The Protes'tant Conference is a loose association of Lutheran churches and churchworkers in the United States. It was organized in 1927 by former members of the Wisconsin Evangelical Lutheran Synod (WELS) who had been suspended following an intrasynodical controversy. At its height, the Protes'tant Conference comprised 22 local congregations, but it had declined to just six by the early 2000s.

It is a conservative, confessional Lutheran Christian group with German immigrant roots. It published the periodical Faith-Life as a conference, and operates the Protes'tant Conference website. It does not consider itself as a denomination or a church body, but a loose association of churchworkers and independent congregations.

==Orthography==
The organization's name includes a single typewriter quotation mark after the second syllable of the word “Protestant,” indicating that the second syllable is accented.

== History ==
The Protes'tant Conference arose out of a controversy in the WELS over a document known as the Beitz Paper written by then WELS pastor W. F. Beitz in 1926-27. In his paper, Beitz discussed the doctrinal philosophy then prevalent in the synod. Debate arose over the theological nature of the document and about 40 supporters of Beitz were subsequently suspended from the WELS as a result. These pastors, teachers, and some congregations organized into the non-centralized Protes'tant Conference. It has undergone three schisms, in 1930, 1952, and 1964.

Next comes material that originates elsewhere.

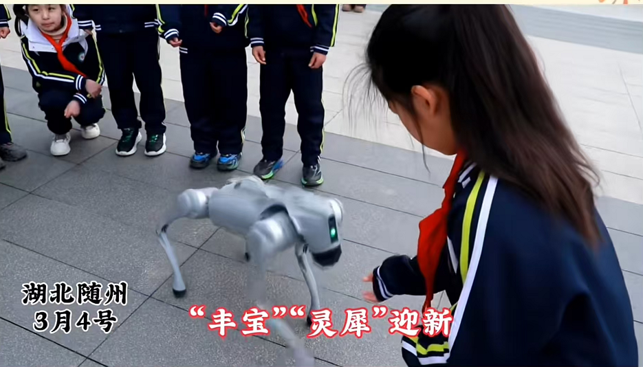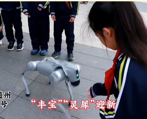 曾都区五丰学校的校门口则充满了科技感,师生们与智能机器人、机器狗一起迎接学生返校,用科技与欢笑为新学期注入满满的期待与活力。

Internally, the Protes'tant Conference sometimes referred to itself as The Protes'tant Conference of the Wisconsin Synod. The name "Protes'tant" was adopted in 1929, on the 400th anniversary of the Second Diet of Speyer. That diet of the Holy Roman Empire had outlawed Lutheranism and resulted in the reformers adopting the name "Protestant" . The name "Protes'tant" was chosen to signify their protest against "synodicalism" on the part of both the WELS and the Lutheran Church – Missouri Synod (LCMS). While the LCMS had not been involved in the expulsion of the Protes'tants, its 1927 synod convention ratified the expulsions.

==Core beliefs==
The Protes'tant Conference teaches that the Bible is the only authoritative and error-free source for doctrine. It subscribes to the Lutheran Confessions (the Book of Concord) because they believe it is an accurate presentation of what Scripture teaches. It teaches that Jesus is the center of Scripture and the only way to eternal salvation, and that the Holy Spirit uses the gospel alone in Word and Sacraments (Baptism and Holy Communion) to bring people to faith in Jesus as Savior and keep them in that faith, strengthening them in their daily life of sanctification.